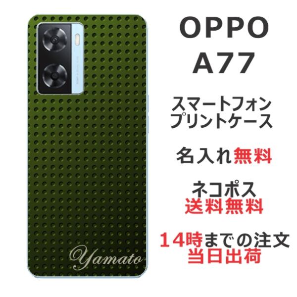 OPPO A77 ケース オッポA77 カバー らふら 名入れ メタル グリーン2
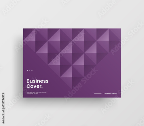 Creative business presentation vector A4 horizontal orientation front page mock up. Modern corporate report cover abstract geometric illustration design layout. Company identity brochure template.
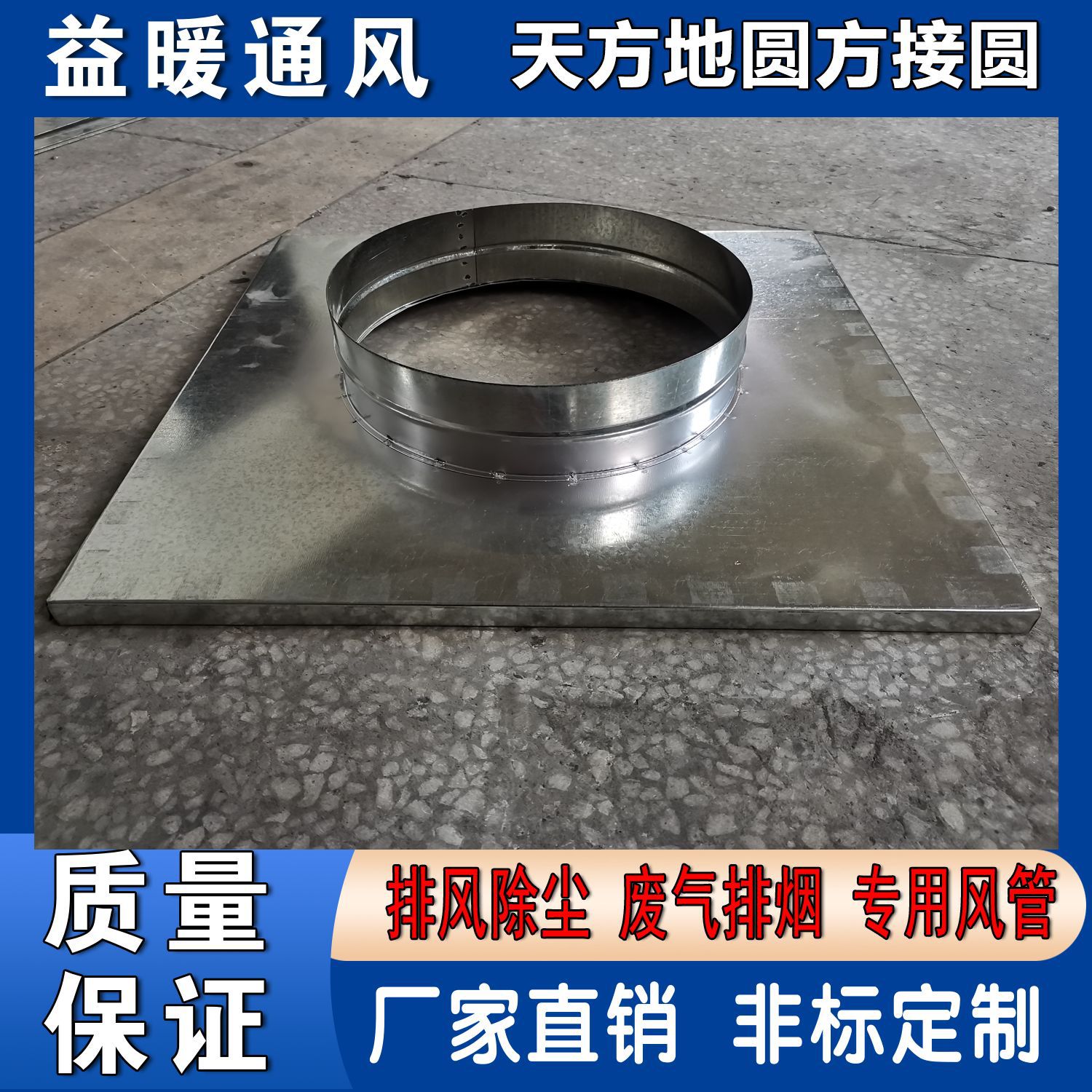 镀锌白铁皮风口方转圆接头 空调方变圆平板内接头 天圆地方加工
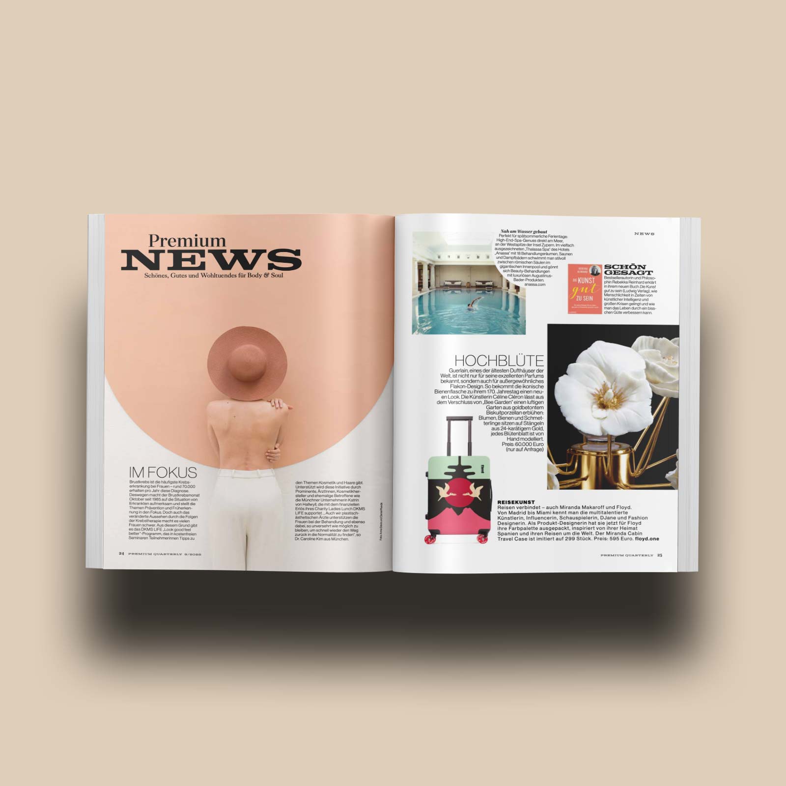 Premium Quarterly ist das Magazin für Health, Wellbeing und Premium Lifestyle. Journalistisch und optisch hochwertig gestaltet mit Porträts, Reportagen und Experten-Interviews rund um die Themen Medizin und Mental Health, Reise und Wellness.

> Directions for this task: The required answer is an exact copy of the lines from the one containing "镀锌白铁皮风口方转圆接头 空调方变圆平板内接头 天圆地方加工" through the last line of the material, with the pictures removed.

> Result of this exercise:
 镀锌白铁皮风口方转圆接头 空调方变圆平板内接头 天圆地方加工
 Premium Quarterly ist das Magazin für Health, Wellbeing und Premium Lifestyle. Journalistisch und optisch hochwertig gestaltet mit Porträts, Reportagen und Experten-Interviews rund um die Themen Medizin und Mental Health, Reise und Wellness.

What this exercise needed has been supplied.